Minority students are disproportionately the targets of school discipline, she said, are often relegated to the low-level tracks in ability-grouping systems, and are hurt by standardized tests that are biased against them and by textbooks that don’t reflect their culture.
“Lack of teachers with the knowledge and experience to respond to diverse classrooms may be the most significant barrier,” she added.
Ms.
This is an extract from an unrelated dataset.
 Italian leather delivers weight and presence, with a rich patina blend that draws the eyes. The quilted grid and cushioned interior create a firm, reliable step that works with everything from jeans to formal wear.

Byrd said the LDF is weighing challenges to such practices in school districts operating under judicial desegregation orders.
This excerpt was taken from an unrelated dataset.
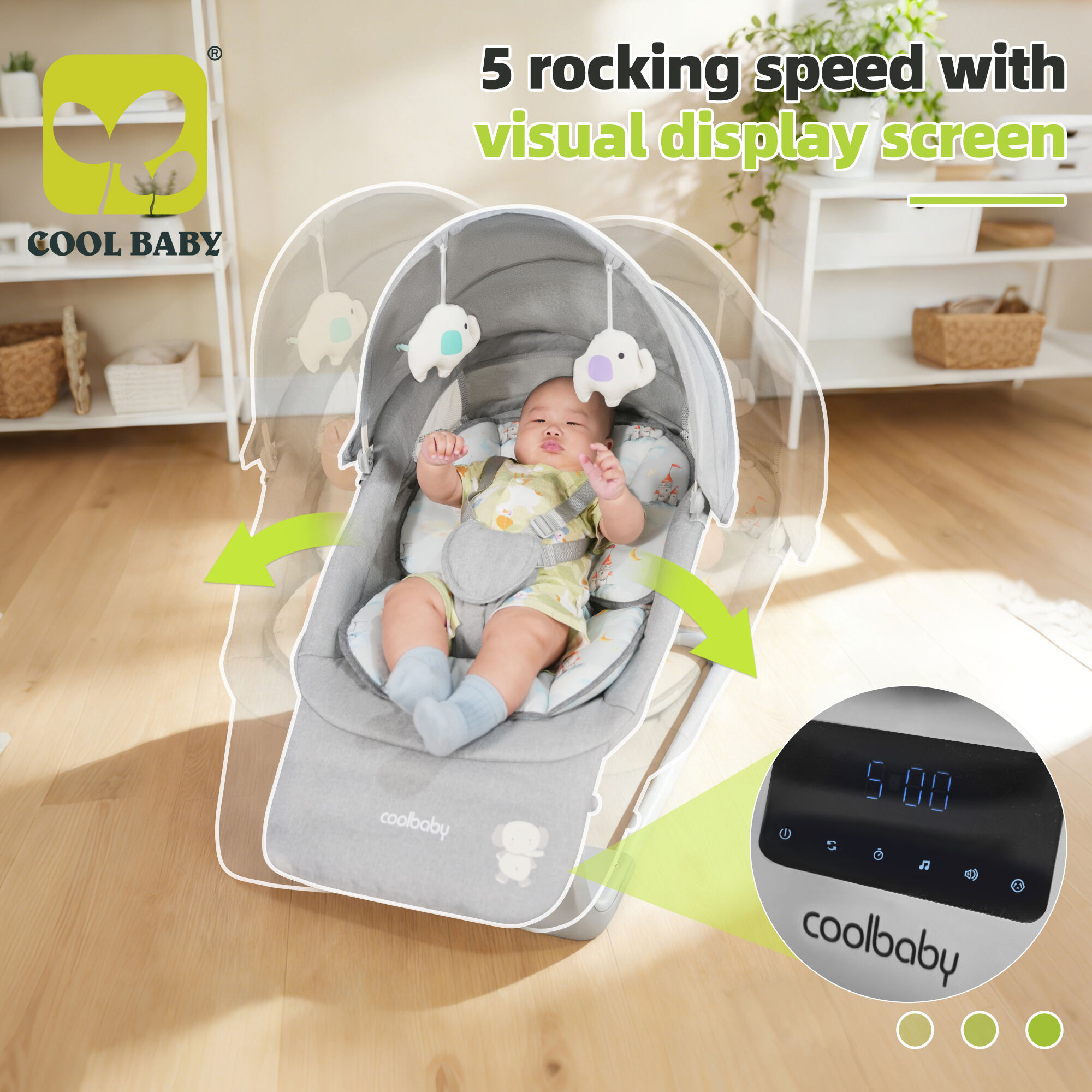 đung Đưa 5 Tốc Độ & Màn Hình LCD để Điều Khiển Trực Quan: Được trang bị 5 mức tốc độ đung đưa điều chỉnh được, cha mẹ có thể chọn nhịp điệu phù hợp nhất (từ nhẹ nhàng đến đung đưa sôi động hơn) dựa theo tâm trạng của bé — giúp ru bé quấy khóc ngủ ngoan hoặc giải trí cho bé đang tỉnh táo. Cái võng đi kèm màn hình hiển thị LCD trực quan, rõ ràng hiện thị các thiết lập hiện tại (tốc độ đung đưa, bộ hẹn giờ, âm lượng nhạc, v.v.), loại bỏ sự đoán mò. Cha mẹ dễ dàng kiểm tra và điều chỉnh chế độ chỉ bằng một cái nhìn, giúp thao tác trở nên trực quan và tiện lợi.

‘Isolated by Neighborhood’
Another key issue, many said, is how to desegregate schools in inner-city districts whose enrollments are predominantly minority.
Joseph A. Fernandez, chancellor of the New York City public schools, assessed the outlook for integrating those schools as “very bleak.”
“The numbers work against you,” he said, and “our kids are isolated not only by race but by neighborhood.”
This is an almost insurmountable barrier in New York, he said, because regulations governing the city’s decentralized school system require the consent of regional districts before attendance boundaries can be redrawn.
Howard R. Sanders, superintendent of schools in rural Hollandale, Miss., recounted how curricular improvements, intensive community outreach, and teacher retraining has improved student performance and attendance in a district he described as woefully poor by every measure.
However, he noted, improvements in the virtually all-black schools are not an acceptable substitute for integration.
Gary Orfield, professor of political science at the University of Chicago and an expert on school desegregation, noted that research shows minority students fare better in integrated schools.
He said decisions in cases such as that involving Kansas City, Mo., where a federal Judge ordered a tax increase to pay for improvements to the predominantly black schools that would help them attract white suburban students, would be key.
“There’s not been a large urban district that’s been able to figure out how to make separate schools equal,” Mr. Orfield said.
Another issue needing to be explored, he said, is “what happens when blacks move to the suburbs,” since significant inequities often exist within and among suburban districts.
“Nobody’s concentrated a lot of energy on it,” said Mr. Orfield, “but some law must be made, or we will replicate in the suburbs what has happened in our central cities.”